Parallela offers something halfway between a multi-CPU cluster, differing in terms of memory access, and a GPU, differing in that each core is a real core and can be independently making calls, branching, etc.
Another point to note is that every GPU architecture is different and that some support a different degree of control flow parallelism vs. data parallelism.
Ultimately it depends on the kernel you're working with - if you're to a point where you've got strictly linear SIMD and you depend entirely on floating-point math throughput or memory bandwidth, it wouldn't make sense not to use a GPU instead.
Although if you like or have code suitable for a multicore architecture you would get better performance from a Xeon Phi or the forthcoming Knight's Landing from Intel, both of which run x86_64 Linux.
Between ARM, OpenPower and Intel's Phi successors this is becoming a hyper-competitive space. Interesting times ahead!
The Parallella is a testbed for their chips, to let people experiment with the platform. The real value is for embedded use (of the chips, not the whole current design), and as they scale up the chips - their roadmap is for chips with thousands of cores.
Compared with your GPU, there's also another important factor: These are entirely independent cores. For stuff that your GPU does well - that is, stuff where you're doing the exact same manipulation of a large number of values in parallel - it's likely to keep beating the epiphany chips. For stuff it doesn't do well, that is, stuff where you need indpendent threads of execution for each data stream, the Epiphany chips may become a better fit.
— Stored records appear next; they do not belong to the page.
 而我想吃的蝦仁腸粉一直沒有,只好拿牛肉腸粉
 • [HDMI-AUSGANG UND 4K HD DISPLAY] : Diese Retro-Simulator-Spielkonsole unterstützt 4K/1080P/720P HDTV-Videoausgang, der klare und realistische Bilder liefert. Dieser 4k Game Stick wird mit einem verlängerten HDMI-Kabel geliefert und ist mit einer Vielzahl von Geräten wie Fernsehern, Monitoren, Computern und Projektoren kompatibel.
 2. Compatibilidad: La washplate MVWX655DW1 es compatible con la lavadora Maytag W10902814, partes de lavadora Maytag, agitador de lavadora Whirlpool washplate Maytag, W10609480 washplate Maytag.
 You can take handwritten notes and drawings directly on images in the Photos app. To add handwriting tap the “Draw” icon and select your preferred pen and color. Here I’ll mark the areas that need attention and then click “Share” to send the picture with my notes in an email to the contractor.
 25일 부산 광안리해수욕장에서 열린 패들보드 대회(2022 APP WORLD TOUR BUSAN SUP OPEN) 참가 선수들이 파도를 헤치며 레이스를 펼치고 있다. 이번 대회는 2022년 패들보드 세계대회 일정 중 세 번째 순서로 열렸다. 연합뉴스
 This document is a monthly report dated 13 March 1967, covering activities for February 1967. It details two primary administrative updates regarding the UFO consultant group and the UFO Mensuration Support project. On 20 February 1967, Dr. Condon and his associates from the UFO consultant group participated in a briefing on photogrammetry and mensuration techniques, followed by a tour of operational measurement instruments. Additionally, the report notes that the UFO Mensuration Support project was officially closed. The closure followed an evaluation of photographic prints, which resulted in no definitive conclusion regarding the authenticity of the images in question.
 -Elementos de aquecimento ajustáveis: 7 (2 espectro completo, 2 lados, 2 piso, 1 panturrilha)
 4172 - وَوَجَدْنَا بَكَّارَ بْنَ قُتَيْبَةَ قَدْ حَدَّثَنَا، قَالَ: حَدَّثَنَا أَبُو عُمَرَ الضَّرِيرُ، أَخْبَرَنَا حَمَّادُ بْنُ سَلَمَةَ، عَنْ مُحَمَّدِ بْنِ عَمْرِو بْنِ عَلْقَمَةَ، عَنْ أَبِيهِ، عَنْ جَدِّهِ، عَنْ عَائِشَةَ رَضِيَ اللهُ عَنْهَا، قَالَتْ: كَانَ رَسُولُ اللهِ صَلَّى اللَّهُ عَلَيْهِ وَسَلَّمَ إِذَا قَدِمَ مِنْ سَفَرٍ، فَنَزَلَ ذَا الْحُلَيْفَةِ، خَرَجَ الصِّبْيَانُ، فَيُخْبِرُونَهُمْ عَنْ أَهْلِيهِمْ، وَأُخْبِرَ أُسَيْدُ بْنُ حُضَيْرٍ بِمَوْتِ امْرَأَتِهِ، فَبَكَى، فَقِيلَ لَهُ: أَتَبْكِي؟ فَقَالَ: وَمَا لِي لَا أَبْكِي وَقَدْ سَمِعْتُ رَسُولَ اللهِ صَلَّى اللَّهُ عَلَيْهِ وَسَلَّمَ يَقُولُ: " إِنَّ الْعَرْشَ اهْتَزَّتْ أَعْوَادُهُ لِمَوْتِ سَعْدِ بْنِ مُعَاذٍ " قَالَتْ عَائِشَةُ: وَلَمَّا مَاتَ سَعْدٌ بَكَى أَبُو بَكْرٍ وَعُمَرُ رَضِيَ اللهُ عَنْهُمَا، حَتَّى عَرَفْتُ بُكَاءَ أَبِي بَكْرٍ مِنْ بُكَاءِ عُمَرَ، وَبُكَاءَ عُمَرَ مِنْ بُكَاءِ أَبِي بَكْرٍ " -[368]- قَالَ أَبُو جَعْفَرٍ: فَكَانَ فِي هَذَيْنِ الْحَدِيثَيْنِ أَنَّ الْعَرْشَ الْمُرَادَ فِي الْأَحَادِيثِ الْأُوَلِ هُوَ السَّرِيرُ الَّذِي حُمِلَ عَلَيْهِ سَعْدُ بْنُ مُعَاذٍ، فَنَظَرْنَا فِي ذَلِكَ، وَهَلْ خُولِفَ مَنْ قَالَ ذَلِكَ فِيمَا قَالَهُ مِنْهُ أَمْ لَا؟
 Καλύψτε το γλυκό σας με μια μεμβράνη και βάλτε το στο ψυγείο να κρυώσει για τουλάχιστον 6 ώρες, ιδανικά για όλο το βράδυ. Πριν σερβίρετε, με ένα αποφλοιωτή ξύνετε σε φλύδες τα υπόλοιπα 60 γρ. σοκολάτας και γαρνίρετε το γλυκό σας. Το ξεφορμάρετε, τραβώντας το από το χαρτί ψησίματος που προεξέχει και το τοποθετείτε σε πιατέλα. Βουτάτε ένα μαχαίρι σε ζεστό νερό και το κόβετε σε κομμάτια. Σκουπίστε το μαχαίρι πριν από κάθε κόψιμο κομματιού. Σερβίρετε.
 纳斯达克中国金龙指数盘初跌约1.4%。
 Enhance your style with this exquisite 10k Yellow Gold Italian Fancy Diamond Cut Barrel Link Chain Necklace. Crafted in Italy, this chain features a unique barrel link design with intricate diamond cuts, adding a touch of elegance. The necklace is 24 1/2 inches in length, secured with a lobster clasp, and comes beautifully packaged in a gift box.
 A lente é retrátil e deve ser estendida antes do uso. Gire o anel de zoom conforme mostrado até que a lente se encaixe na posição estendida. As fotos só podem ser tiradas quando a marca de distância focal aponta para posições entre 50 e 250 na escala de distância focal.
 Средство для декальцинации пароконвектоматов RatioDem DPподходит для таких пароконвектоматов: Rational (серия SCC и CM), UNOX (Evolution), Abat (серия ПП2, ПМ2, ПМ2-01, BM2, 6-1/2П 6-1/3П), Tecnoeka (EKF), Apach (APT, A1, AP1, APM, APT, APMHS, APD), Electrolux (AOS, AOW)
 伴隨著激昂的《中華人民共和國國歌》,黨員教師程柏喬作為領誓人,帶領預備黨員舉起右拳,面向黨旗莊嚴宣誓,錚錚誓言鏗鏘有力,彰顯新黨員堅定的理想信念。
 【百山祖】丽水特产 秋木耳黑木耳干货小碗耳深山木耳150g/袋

For the experience building it mainly I guess. The author also mentions machine learning and image processing. Doing multiple different tasks at once. Which I think is possible with the latest CUDA and Nvidia gear though.
It has 8 FPGAs on there too. Useful for highspeed IO and other tasks. Also, there are 8 HDMI outputs on there. Which would make this a pretty interesting video wall machine.
If it had the 64 core chips instead of the 16 core chips, this thing would be ~ 800 GFLOPS I guess.
Isn't the architecture of real world supercomputers essentially dependent on their expected load?
The very notion of a 'general purpose processing supercomputer' essentially conjures one of those modern data center visions: a large array of identical consumer-grade hardware, with its high price/performance ratio: accessioned, wired, tested, commissioned, allocated workloads, managed over time and finally decomissioned by a combination of carefully developed human procedures and highly automated processes?
For instance, nobody in their right mind would install an OS on every such node by hand: it has to be PXE or similar (can you boot root-on-iSCSI direct from BIOS these days?).
I'm curious how many fellow HN'ers out there are doing this.
A single 16 core Parallella can run with just passive cooling. It takes next to no cooling to bring both the ARM and Epiphany chips down to near room temperature.
While the 16 Parallella can run with just passive cooling, you still need to ensure proper airflow over the unit.
Units have been known to overheat with just passive cooling, and they even advise that you install a fan with the official case (that they sell on their store/provided to backers), even though there is nowhere to screw a fan in, etc.
That Netgear dumb switch? We've got 10-20 of those running 24/7 in user office spaces; they're all cool to the touch because they do practically nothing. Jam them into a tight, hidden space and safely forget about them forever.
The Zynq generates quite a bit, but the Epiphany very little. I've got a case kit for mine with a 0.4 watt fan, and that fan is total overkill for a single Parallella.
Your LEDs use 20W of power? I would immediately scrap those - they serve no real purpose and use an insane amount of power, compared to their computing counterparts.
Yes, these are awesome, full-featured models, but the differences between this and a supercomputer, which costs tens of millions of dollars, requires high-density power and cooling, features multi-dimensional, low-diameter networks, and contains hundreds of thousands to millions of compute cores is... quite vast.